Search

The Case of the Missing Declaration Statements in Python

Updated: Sep 2, 2020





It’s important yet sometimes difficult to get a handle on what may be the most fundamental idea in Python programming and is certainly the basis of much of both the conciseness and flexibility of the Python language—dynamic typing, and the polymorphism it implies. This is a slightly long topic, but i wanted to explain this in depth as this is core to understanding Python. Jargons explained -


Dynamic typing

In programming languages, a type system is a logical system comprising a set of rules that assigns a property called a type to the various constructs of a computer program, such as variables, expressions, functions or modules. A programming language is said to be dynamically typed, or just 'dynamic', when the majority of its type checking is performed at run-time as opposed to at compile-time. In dynamic typing, types are associated with values not variables. Compared to static typing, dynamic typing can be more flexible (e.g. by allowing programs to generate types and functionality based on run-time data), though at the expense of fewer apriori guarantees. Dynamic typing may result in runtime type errors—that is, at runtime, a value may have an unexpected type, and an operation nonsensical for that type is applied. This operation may occur long after the place where the programming mistake was made—that is, the place where the wrong type of data passed into a place it should not have. This makes the bug difficult to locate.


Polymorphism

In programming languages and type theory, polymorphism is the provision of a single interface to entities of different types[1] or the use of a single symbol to represent multiple different types. ex when you type x+y in python , the + might concatenate x & y if they are strings or add them if they are numbers.


In Python, we do not declare the specific types of the objects our scripts use. They are naturally applicable in more contexts than we can sometimes even plan ahead for. Because dynamic typing is the root of this flexibility,

and is also a potential stumbling block for most of people working on python, let’s understand this better.

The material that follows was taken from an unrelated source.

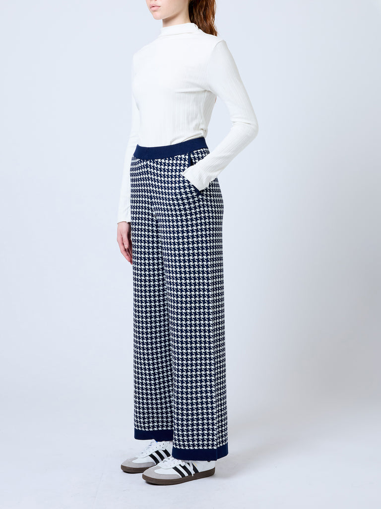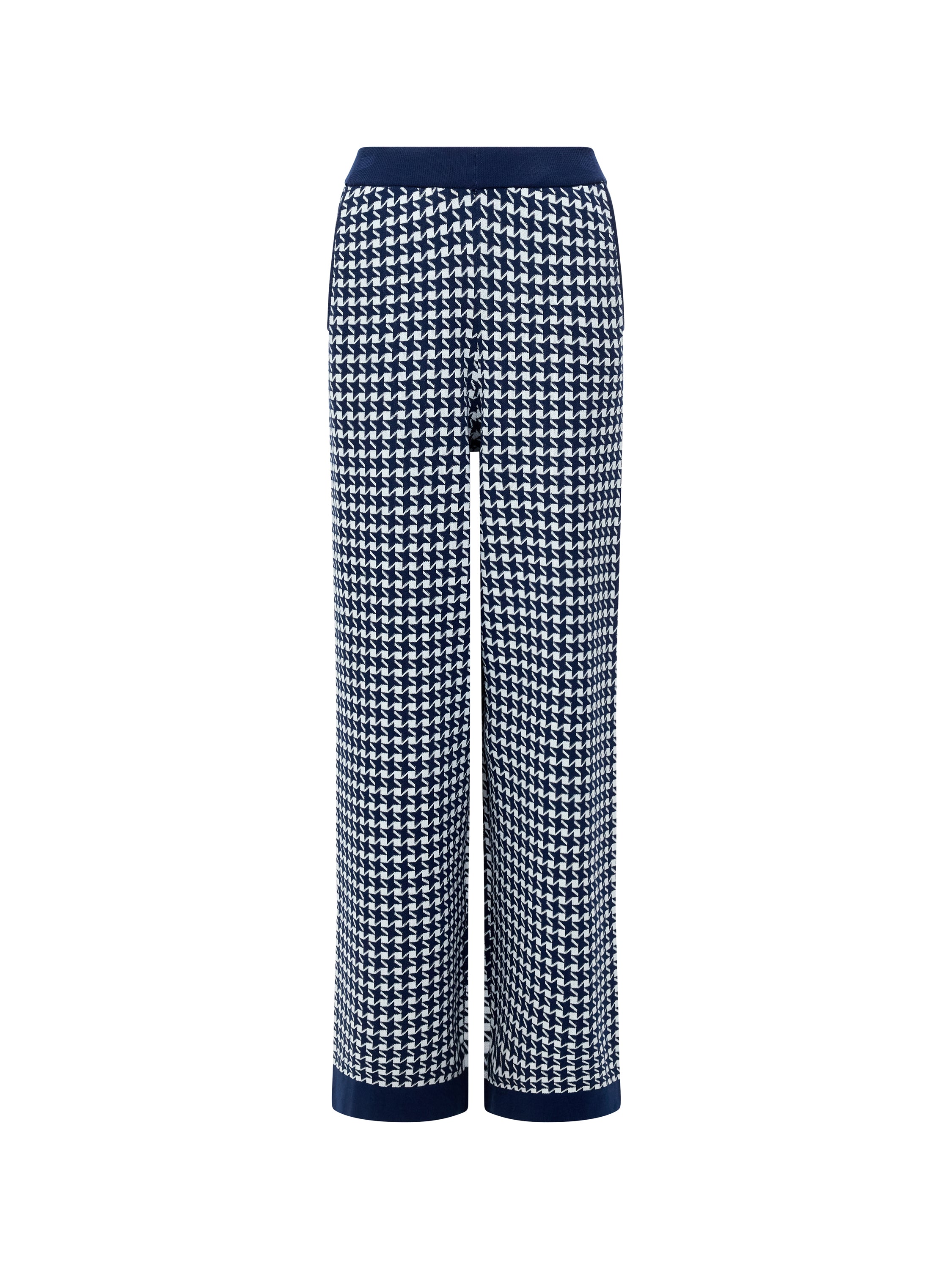 Pattern play the polished way. The Gloria Jacquard Knit Wide Leg Trousers bring a bold geometric design to a wide leg silhouette complete with a ribbed elasticated waistband and cuffs for a standout look with structured comfort.

In python we use variables without declaring their existence or their types, and it somehow works!! When we type


   
 >>> x = 10 


in an interactive session or program file, for instance, how does Python know that a should stand for an integer? For that matter, how does Python know what "x" is, at all?

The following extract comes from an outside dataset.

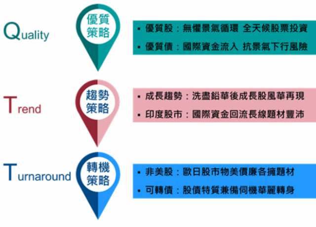 優質策略:國泰投顧看好具有低景氣相關並具有高定價能力的優質品牌企業,這些公司顧客忠誠度高、營收可預測性高、股價的波動度也相對較低,特別適合景氣趨緩期間作為投資組合中股票的核心布局壓艙石;同時,優質的投資等級債券今年受惠於國際資金流入,低違約率的優勢也有助於抵抗景氣下行風險。

Once you start asking such questions, you’ve crossed over into the domain of Python’s dynamic typing model. In Python, types are determined automatically at runtime, not in response to declarations in your code. This means that you never declare variables ahead of time - a concept that is perhaps simpler to grasp if you keep in mind that it all boils down to variables, objects, and the links between them, I speak about this in detail in my article about

python conceptual hierarchy

When you run an assignment statement such as


    >>> x = 3 

in Python, it works even if you’ve never told Python to use the name a as a variable, or that a should stand for an integer-type object. In the Python language, this all pans out in a very natural way, as follows:


Variable creation

A variable (i.e., name), like x, is created when your code first assigns it a value. Future assignments change the value of the already created name. Technically, Python detects some names before your code runs, but you can think of it as though initial assignments make variables.


Variable types

A variable never has any type information or constraints associated with it. The notion of type lives with objects, not names. Variables are generic in nature; they always simply refer to a particular object at a particular point in time.


Variable use

When a variable appears in an expression, it is immediately replaced with the object that it currently refers to, whatever that may be. Further, all variables must be explicitly assigned before they can be used; referencing unassigned variables results in errors.


Summary -
  1. variables are created when assigned,

  2. Can reference any type of object

  3. Must be assigned before they are referenced.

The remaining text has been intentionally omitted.